Run this in the repository root:
DEV=true go run .
http://localhost:1801/devui/
will dynamically serve the contents of webui/
Static site will still be available at webui/
(see below) but these assets will be
static as of the time Go was built.
Please note that regardless of development mode, /
root url redirects to webui/
.
without DEV
environment variable set to true, devui/
will not route. Instead, /webui/
serves static assets which were embeddedd into the Go executable at build time.
There is a MazeCreator
interface that defines a Fill
function that takes a grid, start, and finish coordinates.

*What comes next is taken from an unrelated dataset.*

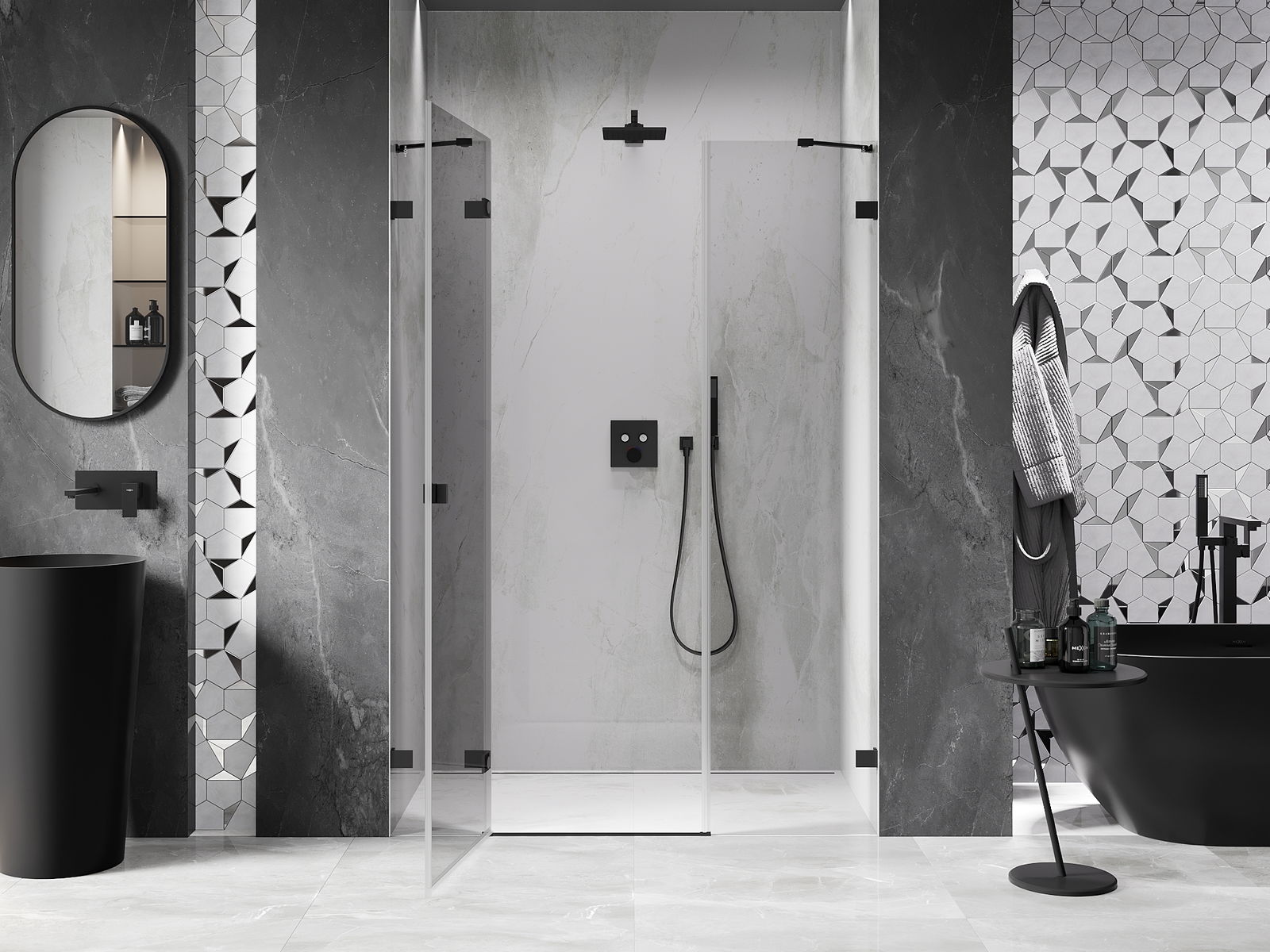Οι σφιγκτήρες και οι μεντεσέδες είναι κατασκευασμένοι από πολύ ανθεκτικό ορείχαλκο και επιπλέον δημιουργούν μια ευθυγραμμισμένη επιφάνεια γυαλιού. Είναι μια εξαιρετική επιλογή που συνδυάζει κομψότητα, ανθεκτικότητα και σύγχρονο σχεδιασμό. Χάρη σε αυτές τις λύσεις, η ντουζιέρα κερδίζει σε αισθητική και ταυτόχρονα διευκολύνουν τη διατήρηση της καθαριότητας.

Each implementation of MazeCreator
defines an algorithm to fill a maze.
Right now the only implementation is WalkingCreator
which implements a simple random generation algorithm:
- Start at the "Start" position
- Randomly choose a sqare orthogonally adjacent to the current position that does not itself adjoin a maze passageway. If no such location is found, choose a random passageway position to use instead of current position (thus creating another "branch" of the maze at that position)
- If the new position is adjacent to the finish, we're done.
If after some large number of iterations, in the magnitude of 10^3 to 10^4 or so, the finish has not been reached, then the algorithm "reverse completes" the maze from finish to any passageway not part of the reverse completion. This essentially works backwards from the Finish to a passageway reached randomly from the start, thus "solving" the maze.
This simple algorithm often generates very dense mazes with many dead ends, but it does not guarantee any particular density of maze - it is entirely possible the generator might generate a very simple maze, even an unbifurcated path from start directly to finish.
The Renderer
interface defines a Draw
function that takes a *Maze
and draws it out.
There are 2 renderers defined, a ConsoleRenderer
that writes to a text terminal (tpyically used for debugging), and a SVGRenderer
that renders an SVG.
A small web interface handles collecting X and Y dimensions of the maze, a scale (which is more or less irrelevant since the picture is rendered in SVG anyway), and a seed for the API's random number generator, which is randomly set in the javascript side.
When these numbers are changed, a new maze is generated and shown as an image below. The maze's URL is meant to be persistent - further requests should always generate the same maze since they start with same dimensions and random seed. Thus the /api/maze/...
URLs can be cached, and the URLs produce consistent results on subsequent requests.
If a maze is requested without a random seed, the API redirects to a URL with a random seed suppled on the api side. It also sets defaults for X and Y if none are set, and redirects to a new URL with all that stuff supplied. Scale also has a default. See main.go
for these details.
On print media, the maze controls are styled such that they should not be printed.